7. The method according to claim 1, wherein predicting failure of the first resource comprises predicting resource failure in response to log data indicating violation of at least one predetermined rule.

8. The method according to claim 1, wherein predicting failure of the first resource comprises predicting resource failure in response to recognition of at least one predetermined event.

9. The method according to claim 1, wherein persisting the state of the service comprises check pointing the service to capture a snapshot of the state of the service.

10. The method according to claim 9, wherein restoring the service at the second resource using the persisted state comprises using an image of the check pointed state of the service to restore the service.

11. The method according to claim 1, wherein persisting the state of the service comprises check pointing the state of a container in which the service is running, and wherein the service is provided by a containerized application.

12. The method according to claim 1, wherein restoring the service at the second resource comprises first selecting the second resource from a plurality of available resources according to one or more predetermined criteria.

13. The method according to claim 1, further comprising using the distributed control system to control an industrial plant to carry out an industrial process following restoration of the service at the second resource.

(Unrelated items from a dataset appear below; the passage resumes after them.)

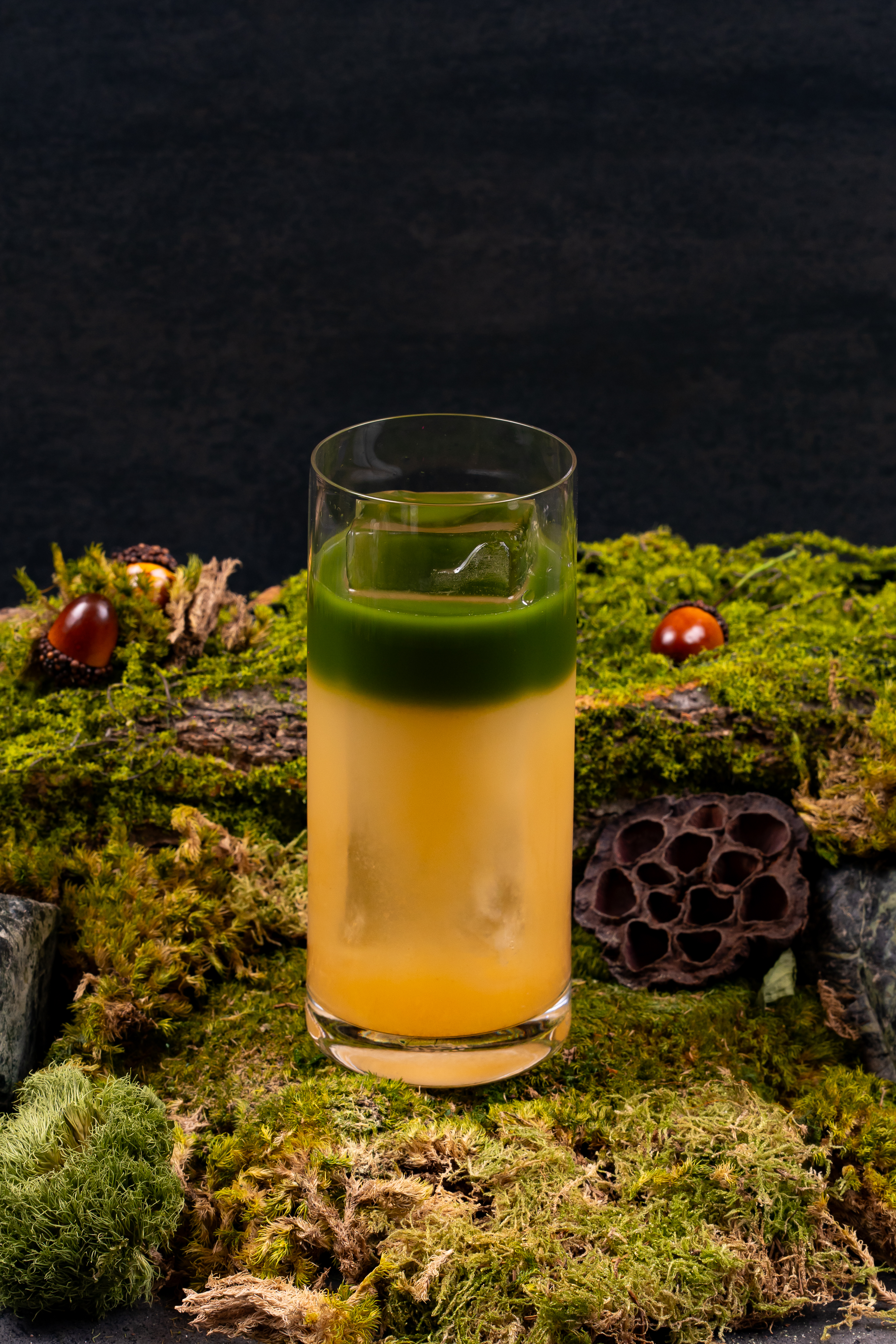 Лимонная водка, сок айвы, грушевый сироп, матча
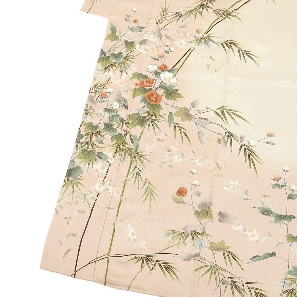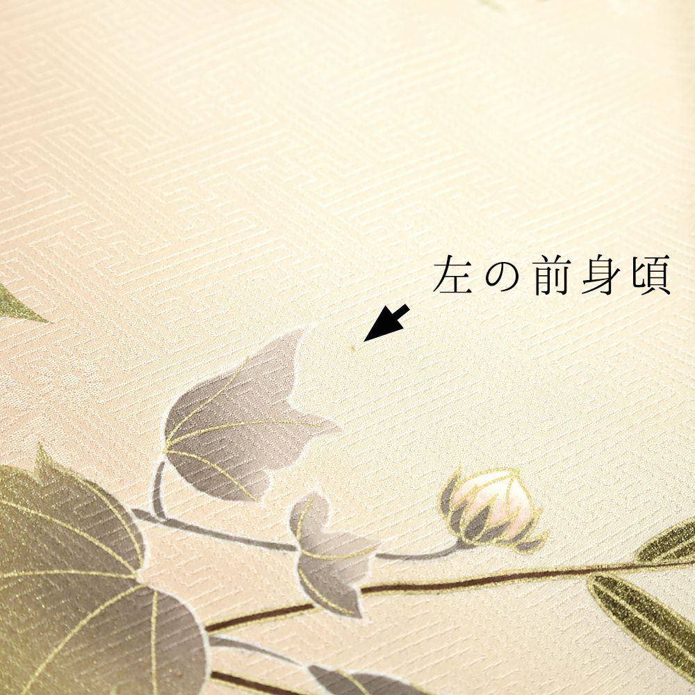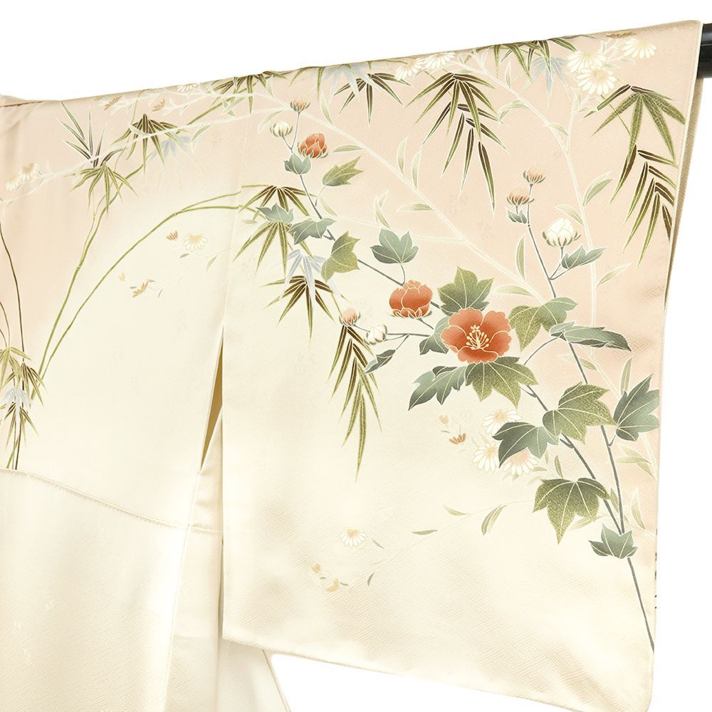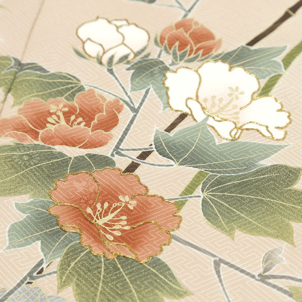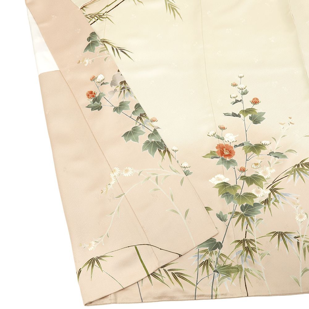 ピンクベージュと生成りの地に芙蓉や菊が上品に咲き誇りました。
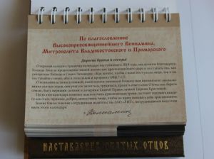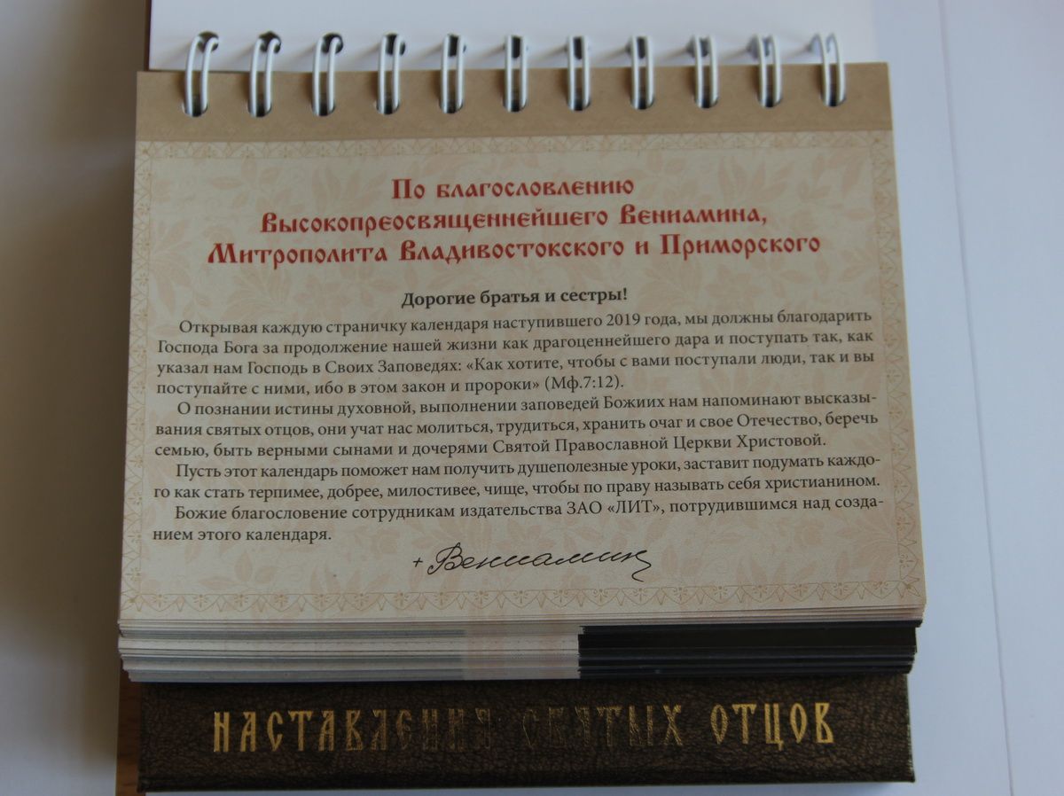 Владивосток. По благословению митрополита Владивостокского и Приморского Вениамина издательство «ЛИТ» выпустило настольный православный календарь «Наставления святых отцов».
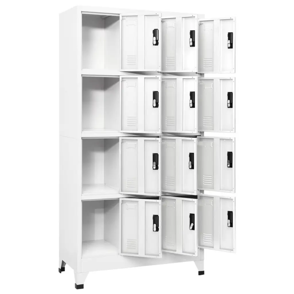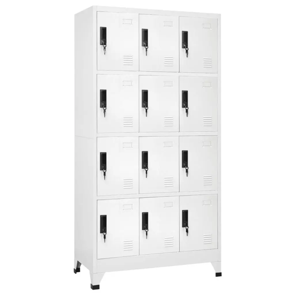 This locker cabinet is a must-have storage option for any modern office or home, blending function and style perfectly. Its clean white steel finish gives a fresh vibe while offering loads of room for organizing clothes, paperwork, and cleaning supplies—ideal for schools and workplaces. Specifications:Color: White Material: Metal SteelFinish: Powder-Coated Indoor/Outdoor: Indoor OnlyNumber of Doors: 12Cover Included: NoRoom: OfficeCapacity: 33.1 lbs per compartmentMaximum Weight: 396.8 lbsDimensions: 35.4 x 35.4 x 70.9 in (W x L x H)Weight: 9741.5 lbsLadder: NoBrand: vidaXLDelivery Contains: Locker cabinet, keys, wall attachment deviceAssembly Required: YesSKU: 339812EAN: 8720286701188
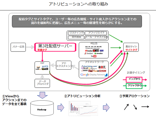 まず同社が最初に取り組んだのは、DMPによるターゲティング。Cookie利用の研究から始めたが、意外にもハードルとなったのは情報セキュリティーの問題であった。プライバシーポリシーの策定、データの管理部門についてなど、足掛け半年以上も社内の各部門との議論を重ねて調整を図った。「最終的には経営判断で決定した。個人のデータを扱うには法務やカスタマーサポートとも密な連携が必要だと実感した」と須藤氏は語る。
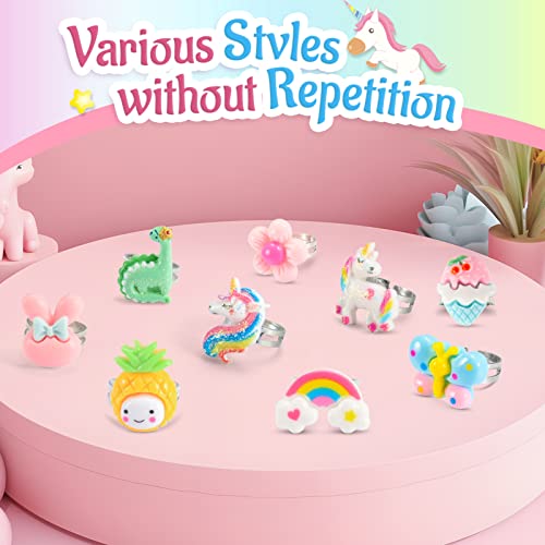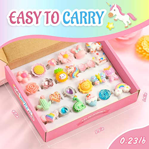 【Design unico】 24 diversi design di anelli con pietre preziose affascineranno la tua ragazza, tra cui corona, unicorno, arcobaleno, dinosauro, sirena, coniglio, gelato, ecc. Nessun design duplicato offre alla tua principessa più opzioni per l'abbigliamento e l'abbigliamento quotidiano.
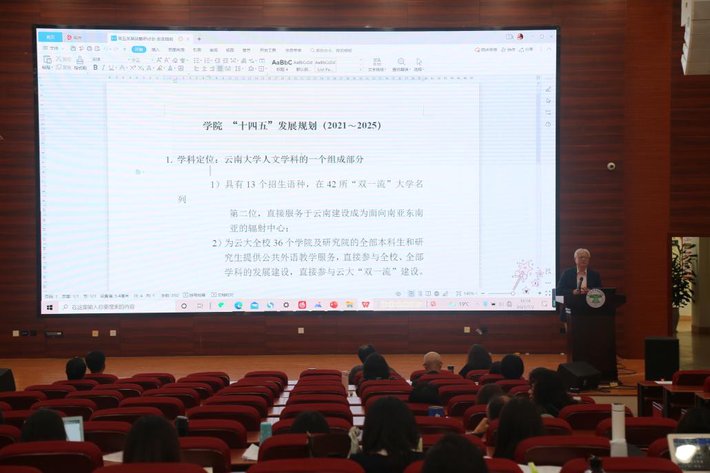 刘树森院长从外国语言文学是宝威体育官网首页人文学科的一个组成部分的学科定位、以“新文科”建设为导向的发展战略,聚焦学科高质量发展、以云大平均发展指标为发展目标,对标发展的发展指标、以双一流建设为中心的工作重点对学院“十四五”发展规划进行了全方位阐述,对学院工作进行了深刻的总结。
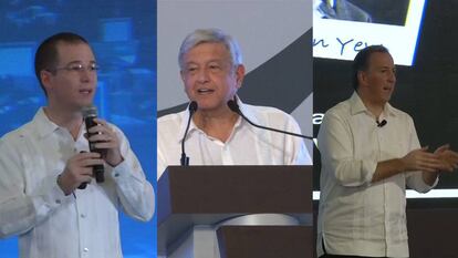 En año electoral, como este, la tradicional convención bancaria mexicana —la gran cumbre anual del sector financiero en el país norteamericano— se convierte en un desfile de candidatos. López Obrador ya acudió a la cita en 2012, meses antes de las elecciones. Y ha vuelto a hacerlo este año, minutos después de que presentasen sus programas económicos sus dos rivales por la presidencia de la segunda mayor potencia de América Latina, Ricardo Anaya (PAN, PRD y Movimiento Ciudadano) y José Antonio Meade (PRI). “Queremos aplicar una fórmula sencilla, pero trascendente y profunda: acabar con la corrupción, la impunidad y los privilegios”, prometió el jefe de Gobierno de la Ciudad de México entre 2000 y 2005.
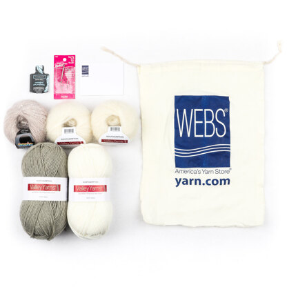 The WEBS 2024 Winter Pines Holiday Kit is full of frosty cheer for your home. Create a handmade winter wonderland of frosty pines using tried and true Valley Northampton with Valley Southampton or Sesia Bluebell for a bit of added sparkle. These festive and sparkly trees come in a variety of sizes, so you can create a forest that adds a magical touch to any room. Each kit comes with the yarn needed to complete the project, a printed booklet with both knit and crochet patterns, plus some *special goodies all tucked into a cotton drawstring WEBS project bag. Available in three color palettes, so you may choose what’s best suited to your home décor!
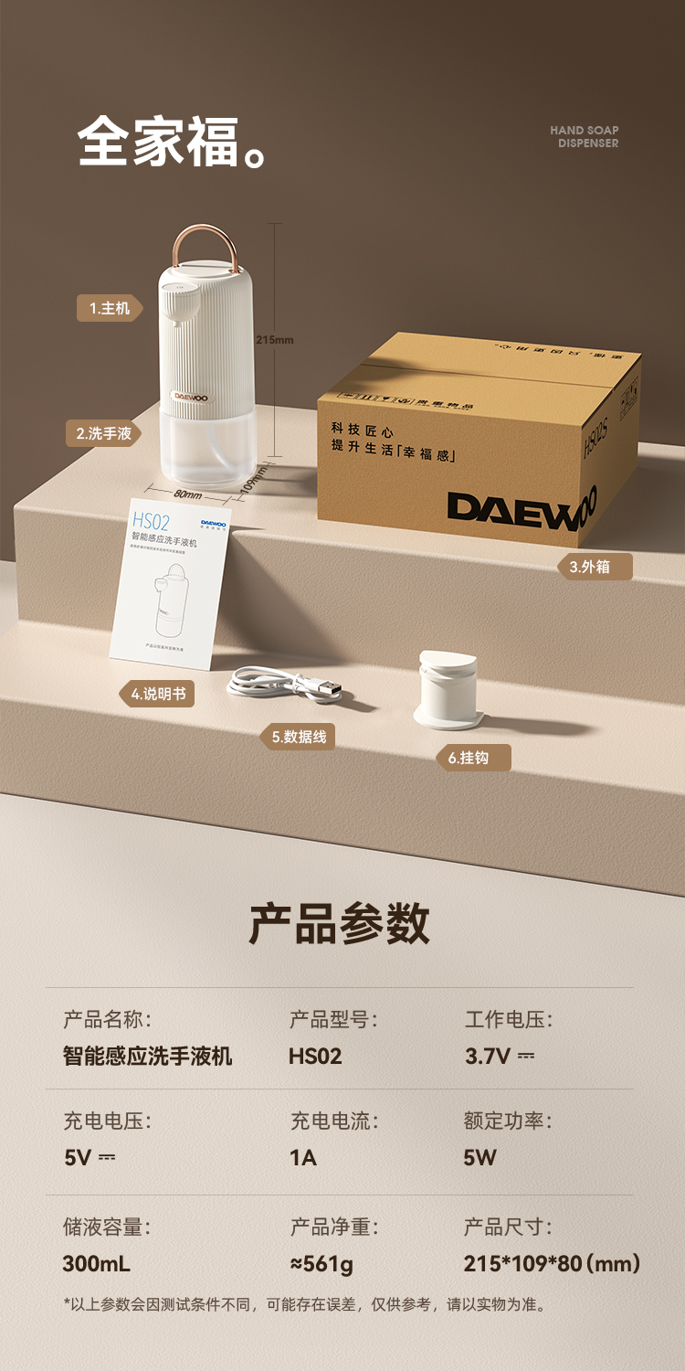 商品名称:DAEWOO/大宇300毫升智能感应洗手液机标准款HS02
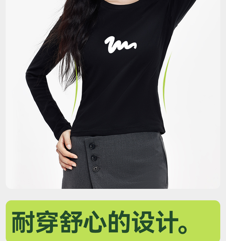 「棉的美学」辣妹修身莱卡棉打底衫印花正肩长袖女T恤内搭上衣
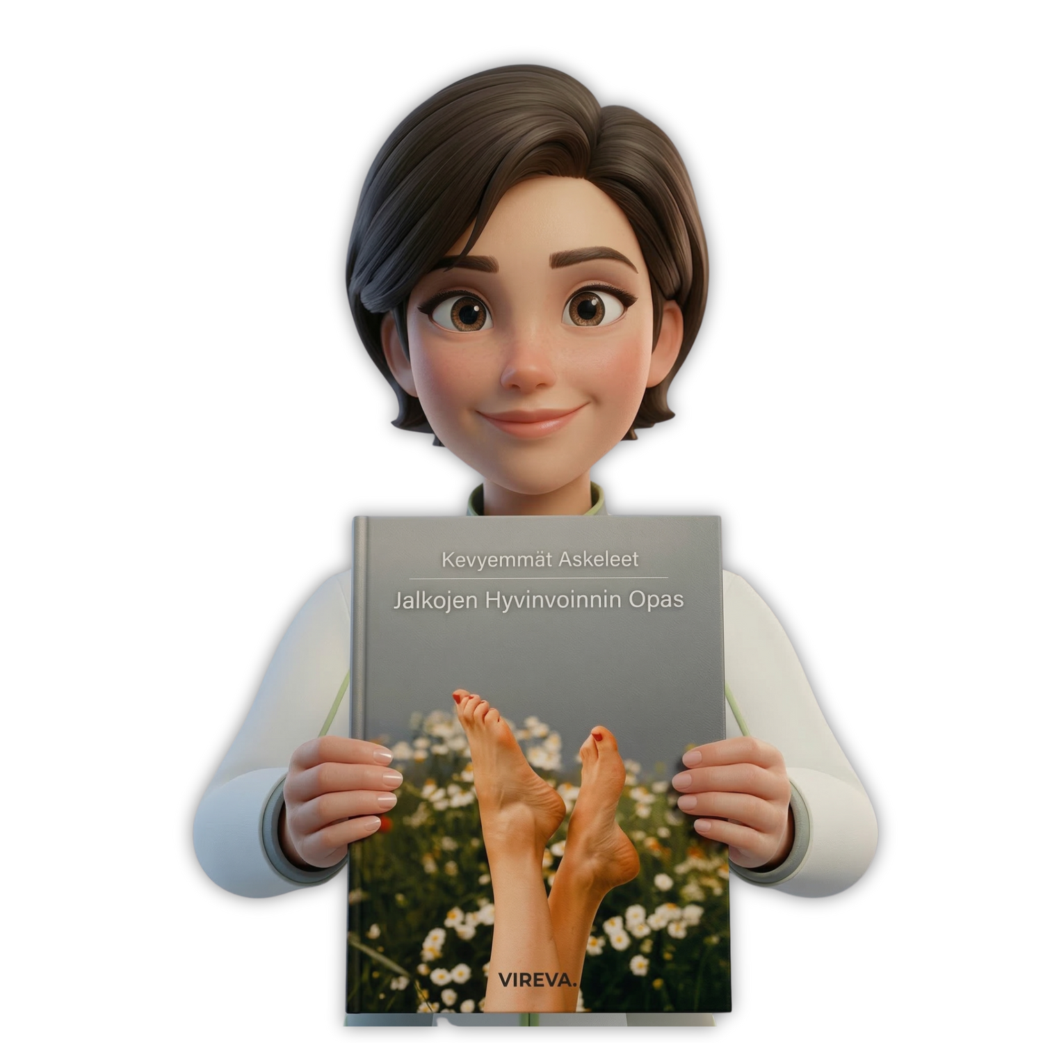 Saat ostoksesi yhteydessä “Jalkojen Hyvinvoinnin Oppaan”, joka sisältää käytännön vinkkejä jalkojen jaksamiseen, palautumiseen ja arjen kuormituksen vähentämiseen.

14. A resource failure mitigation system, comprising:

a control plane node that includes a failure predictor and an operator, the operator including a check point/restore workflow; and

a plurality of worker nodes associated with the control plane node;

wherein the control plane node is further associated with a client and is configured to: predict failure of a first resource from the plurality of worker nodes executing a service, persist a state of the service; and restore the service at a second resource from the plurality of worker nodes using the persisted state.

15. The system according to claim 14, wherein predicting failure of the first resource comprises predicting resource failure based on diagnostic data.

16. The system according to claim 15, wherein the diagnostic data comprises monitoring data relating to one or more performance metrics of the resource.

17. The system according to claim 15, wherein the diagnostic data comprises log data generated by one or more diagnostic tools.

18. The system according to claim 15, wherein the diagnostic data comprises event data relating to one or more events generated by the distributed control system.

19. The system according to claim 14, wherein predicting failure of the first resource comprises predicting resource failure in response to at least one performance metric passing a predetermined threshold.

20. The system according to claim 14, wherein predicting failure of the first resource comprises predicting resource failure in response to log data indicating violation of at least one predetermined rule.